FMA take note: Exploring the problems with the ComCom report

Association responds to FMA CEO comments

FMA take note: Exploring the problems with the ComCom report

The Finance and Mortgage Advisers Association of New Zealand (FAMNZ) has welcomed the opportunity to continue to engage with the Financial Markets Authority (FMA) following comments from FMA chief executive Samantha Barrass (pictured far left).

Barrass told the Financial Services Council NZ conference that the regulator would respond to the Commerce Commission’s banking report and the commission’s concerns about transparency in mortgage advice.

FAMNZ country manager Leigh Hodgetts (pictured centre left) said the association looks forward to showcasing what advisers bring to the market and what is needed from the banking sector that will bring greater benefit to consumers.

It comes as the FMA is scheduled to take authority over key parts of the regulatory landscape that affects lenders and advisers, such as the CCCFA, which Barrass commented on last week

Hodgetts said, because FAMNZ are New Zealand’s representative on the International Mortgage Brokers Federation, “we can speak to the way the third-party channel operates across the world and what is needed in New Zealand to ensure that consumers here benefit.”

Should New Zealand follow Australia’s best interests policy?

The role of advisers in the process of mortgage lending has been a topic of discussion by different regulatory bodies throughout the year.

In its draft report on competition in personal banking published in March, the Commerce Commission initially drew the ire of the mortgage advising industry, insinuating that advisers are “unduly influenced” by commissions by administering mortgage advice.

However, after extensive industry consultation, the commission has appeared to change its tune on mortgage advisers, calling them “champions of price competition” in its final report in August.

While the final report was generally welcomed by the mortgage industry, many of the Commerce Commission’s recommendations were not.

For example, Hodgetts pointed out that the Commerce Commission report, which used the Australian model as an example, displayed a lack of understanding of New Zealand regulations around mortgage advisers.

In Australia, mortgage brokers have Best Interests Duty (BID) – a fiduciary obligation that requires mortgage brokers to act in the best interests of their clients when providing credit assistance.

While that principle may seem like something to strive towards, Hodgett explained the difference between the two markets: 

“Australian mortgage ‘brokers’ provide various offers to customers because they cannot give advice; whereas New Zealand mortgage advisers operate under a license to provide financial advice to retail customers,” Hodgetts said.

Should advisers be made to recommend three products?

Another key point of issue is whether mortgage advisers should be considered “champions of price competition” at all.

Hodgetts and FANZ director Nick Hakes had previously discredited the Commerce Commission’s statement that advisers should put more emphasis on price.

“While the interest rate is important, there are many other factors around individual circumstances that must be considered when a consumer takes a loan,” Hodgetts said.

However, the ComCom report stated, “We do not accept that price (or cost more broadly – acknowledging the long-term nature of home loans) should not be the number one priority for lenders and mortgage advisers”.

Furthermore, the ComCom report recommended that, where possible, advisers should present at least three actual offers when advising a home loan client.

Award-winning mortgage adviser Sarah Curtis (pictured centre right) rolled her eyes after finding out the government will implement this rule.

“Honestly, it feels like no one’s listening – so let me make it super clear,” Curtis said on LinkedIn.

“We do not deliver recommendations based on price because it is very likely the least important thing to clients.
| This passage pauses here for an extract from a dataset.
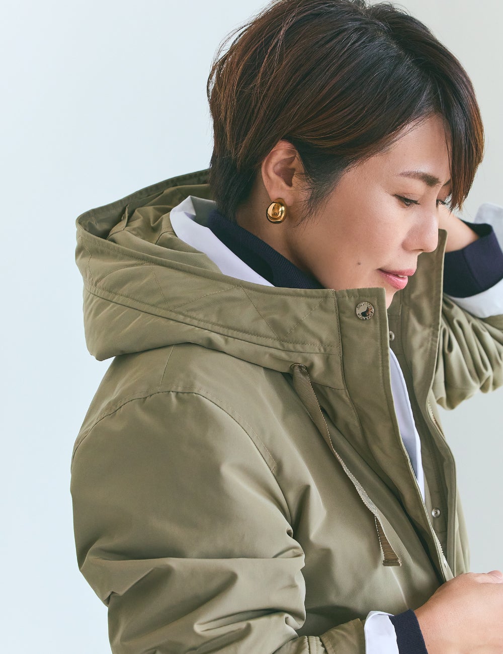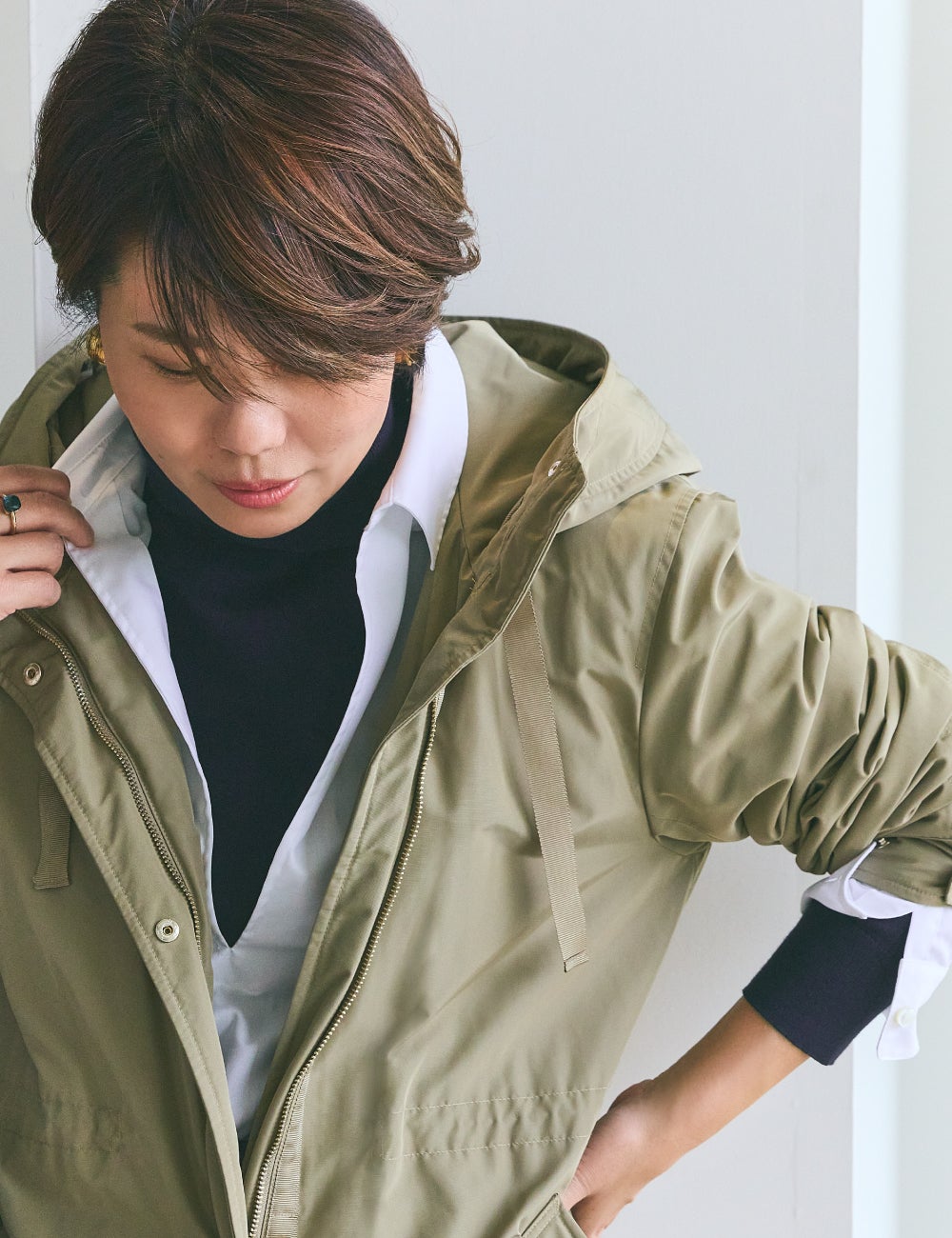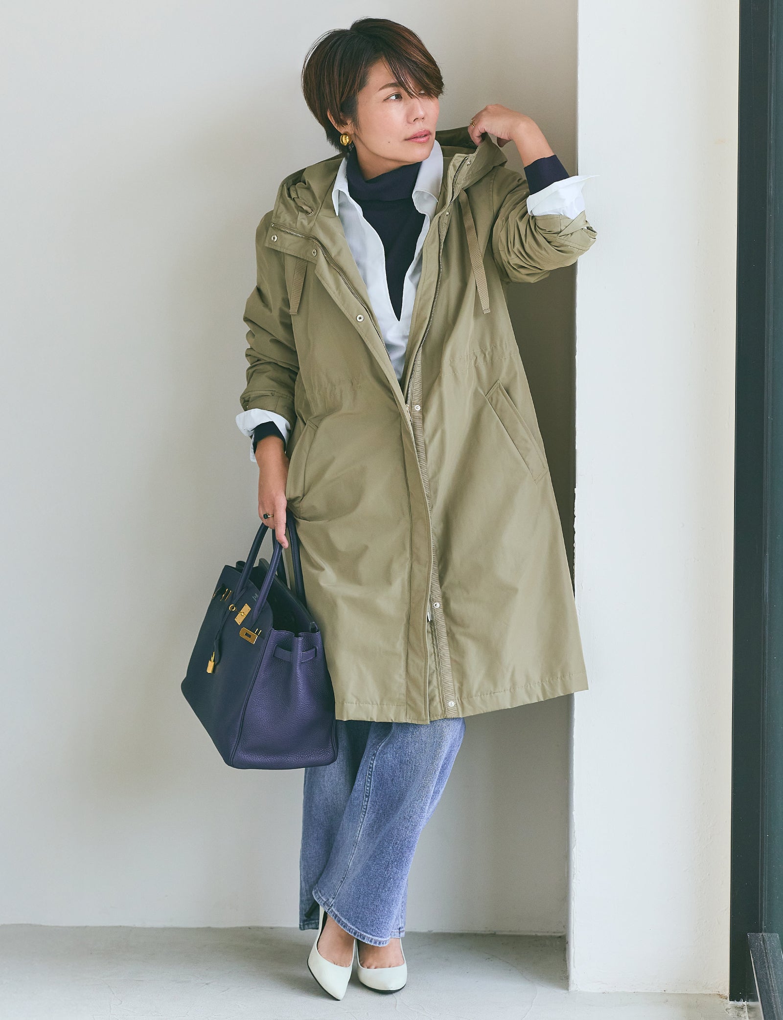 「ベーシックカラーのコーディネートにメンズっぽいアイテムを合わせて、エッジを効かせた着こなしに仕上げるのが大好きです。このコートは、ミリタリーのモッズコートのようでこなれた感じ。でも、色味は白をたっぷりと含んだカーキなので柔らかい印象に。暖かいのもいいですよね。白、ネイビーと合わせて、全身で大人のトリコロールカラーに仕上げました。こなれ見えしますが、どれもベーシックカラーなので、実はとても簡単。シャツとニットのレイヤードは、着こなしに奥行きをもたらし、コートを脱いでもサマになるのもポイント。白いパンプスは軽やかさと抜け感を足してくれるから、深まる季節に欠かせません。」

Correct structure is much more important—most main bank providers match the rates and cash contributions on offer.”

See LinkedIn post here.

Others are calling out the arbitrary nature of the recommendation.

Hodgetts agreed, “We consider several lenders and their products to arrive at a recommendation, and while in many cases the adviser may provide various options, in some cases, there may be only one.”

For example, another mortgage adviser Andrew Kay (pictured far right) – who thinks the three-offer rule is “unpractical, time consuming and will clog the banking system” – gave a scenario to illustrate why the recommendation won’t work.

“I am working on an application now for Australian based customers,” Kay said on LinkedIn. “Only one bank treats AUD income differently to others, so naturally that's where the application will go, because it's more favourable than others.

“Why would I spend more time and effort on other lenders who I know have less favourable policies on overseas income?”

See LinkedIn post here.

Should advisers be made to go off-panel?

Finally, the Commerce Commission recommended mortgage advisers should highlight gaps in their panel to clients and identify any superior headline rates offered by providers outside of their panel.

Hodgetts said it was unrealistic for advisers to list all lenders “not on their panel” as there is such a wide variety of lenders for different purposes.

“Again, the Commerce Commission doesn’t really understand how the sector works, although we commend them for spending time to better educate themselves recently and look forward to further dialogue.”

She said mortgage advisers already drive competition as, “without them, a few large banks would control almost all of the market which would be a terrible result for consumers and competition.

“Banks are of course unable to advise consumers of what other banks are offering. Only mortgage advisers act in the best interests of the consumer and their individual circumstances and do the work to provide the best outcome for customers.”